Founded in 1916, OSA is the world’s leading society for the development and promotion of optics and photonics. OSA serves to support research, promote technical and professional development and advance technologies made possible by optics.
TWRI Scientist Honoured
Congratulations to Dr. Charles Tator, TWRI Senior Scientist, who is the recipient of the 2012 Council Award from the College of Physicians and Surgeons of Ontario in recognition of his achievements in neurosurgery research, education, teaching and advocacy.
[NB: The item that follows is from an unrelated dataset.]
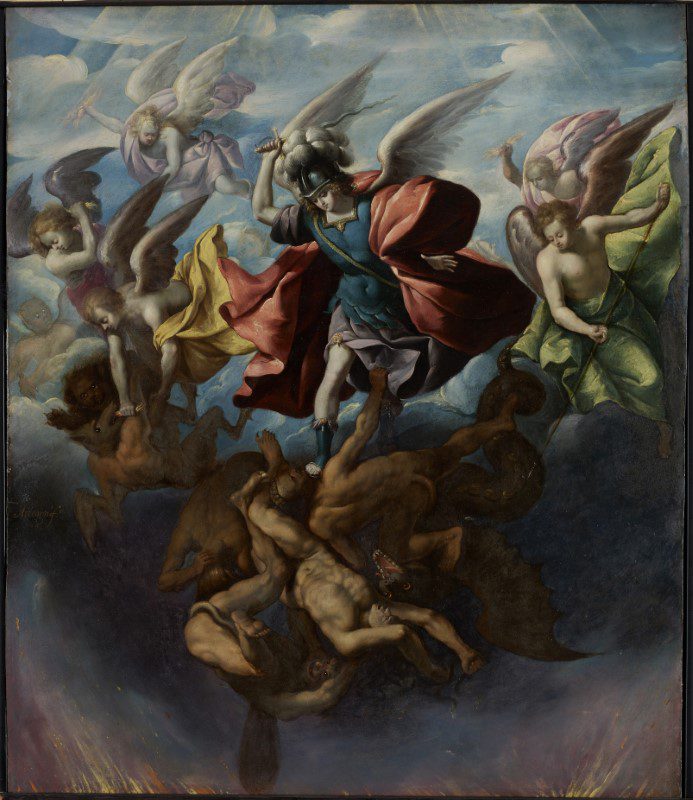 Sebastián López de Arteaga, Saint Michael Striking Down the Rebellious Angels [detail], 1650-1652, oil on copper. Courtesy of the Hispanic Society of America, New York.

UHN Biochemist Elected as AAAS Fellow
Dr. Eleftherios Diamandis, Biochemist-in-Chief of UHN’s Department of Clinical Biochemistry, was elected as a Fellow of the American Association for the Advancement of Science (AAAS) in recognition of his contributions to the field of genomics and pathobiology of serine proteases, particularly the kallikrein family, and their application as diagnostic cancer biomarkers.

AAAS is the world's largest general scientific society with a mission to "advance science and serve society" through initiatives that include science policy, international programs, science education and public understanding of science. Dr. Diamandis will be recognized for his contributions at the Fellows Forum to be held on February 18th, 2012 during the AAAS Annual Meeting in Vancouver, British Columbia.
TWRI Scientist Named President of Research Society
Dr. Rosemary Martino, TWRI Affiliate Scientist, was elected President of the Dysphagia Research Society (DRS) for the term of 2011-2012. DRS is organized for the educational and scientific purposes of encouraging research and disseminating knowledge related to normal and disordered swallowing and fostering new methodologies and instrumentation in dysphagia research and its clinical applications. Dr. Martino previously served as a Councillor (2008-09), Secretary/Treasurer (2009-10) and Chair of Abstracts (2010-11) preceding her election.